Guitars may not command the sort of six-figure price tags normally associated with fine violins, but they still don’t come cheap, as Fei’s parents discovered.
“They had to save very hard to buy my first really good guitar, which cost them the same as an apartment. This had to be kept secret from my grandparents, who would definitely not have understood such extravagant expenditure on any instrument – let alone the ‘hooligan' guitar."
A seminal moment for Fei came when her father made a recording of John Williams playing on the radio. She was transfixed, and from that moment he became her role model. So imagine how it must have felt when, aged 17, she played for her idol in Beijing.
“In my wildest dreams, I never imagined I would ever meet John Williams, let alone get the opportunity to play in front of him.”
She admits to having an initial bout of nerves before becoming wrapped up in the music. She needn’t have worried; Williams was clearly impressed, so much so that he gave her his own instrument, built by the famous Australian guitar maker, Greg Smallman.
In 2000, Fei graduated from the Central Conservatoire Of Music with a Bachelor in classical guitar performance. Another life-changing experience followed when she became the first guitarist, as well as the first Chinese student, ever to receive a scholarship from London’s Royal Academy of Music, where she studied with Michael Lewin and John Mills. It was a move that she is very grateful for: “I am so lucky because I now live in London, but I also go back to China as often as I can.”

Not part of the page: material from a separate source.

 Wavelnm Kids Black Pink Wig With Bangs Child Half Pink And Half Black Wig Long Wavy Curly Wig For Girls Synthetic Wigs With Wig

Returning to China plays an important part in her future plans for helping to promote guitar playing in her homeland. “I want to give as many concerts as possible in China, to encourage others to take up the guitar,” she says.

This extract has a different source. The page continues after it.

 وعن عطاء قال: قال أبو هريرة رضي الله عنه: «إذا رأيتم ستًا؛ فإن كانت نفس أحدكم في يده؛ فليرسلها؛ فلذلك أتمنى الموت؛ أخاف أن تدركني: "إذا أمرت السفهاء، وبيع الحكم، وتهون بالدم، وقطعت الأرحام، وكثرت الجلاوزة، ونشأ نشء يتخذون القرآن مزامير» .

So how rapidly is China changing?
“It’s unbelievable! Even going back a few times a year, as I do, I am amazed by the pace of development.”
And she doesn’t just mean the high-rise buildings and industrial sprawl. “There is more and more interest in all types of western music, and the potential for developing greater appreciation of classical music is huge.”
And what does she like best about life in the UK? “London is such a wonderfully cultural city.”
And the worst thing? “You can’t get proper Peking duck here! What your Chinese restaurants call ‘crispy duck’ is not the same at all.”
Since we are in a Cantonese restaurant, there is little chance of finding Peking duck on the menu anyway, so we move on to talk about her debut CD for record label EMI. The album embraces some familiar Spanish pieces by composers such as Albéniz and Tárrega, as well as Stanley Myers’s popular Cavatina.
Fei makes no apologies for including what some might regard as “lollipops” among the tracks.
“I love all the music I play, and it really annoys me when I hear some guitarists saying they are fed up with playing these pieces. If you do not love the music, you should not play it,” she says.
Clearly she is a lady who doesn’t believe in going through the motions. In any event, the album is far from being entirely made up of well-known pieces; for example Yu-Xan Deng and Lin-Qui Li’s Spring Breeze, with its distinctly oriental feel, was a delightful discovery for me.
And what about her plans for the next album?
“It will be totally different. In fact, it may not contain any pieces people will recognise.”
Fei continues: "There are so many plucked instruments in China that people in the West have never even heard of. I would like to take some of the traditional music composed for these instruments and adapt it for the guitar.”
So, notwithstanding the absence of Peking duck, it seems that Xuefei Yang plans to stay in London. As we ponder the dessert menu, I ask her about the green tea ice cream.
“That I have never tried,” she laughs.
We order it, and are pleasantly surprised by the flavour. There is just time for a quick demonstration, after which she puts her beloved Greg Smallman guitar back into its well-travelled, if rather battered, case and hops into a taxi, leaving me feeling utterly charmed by this lively and unassuming starlet.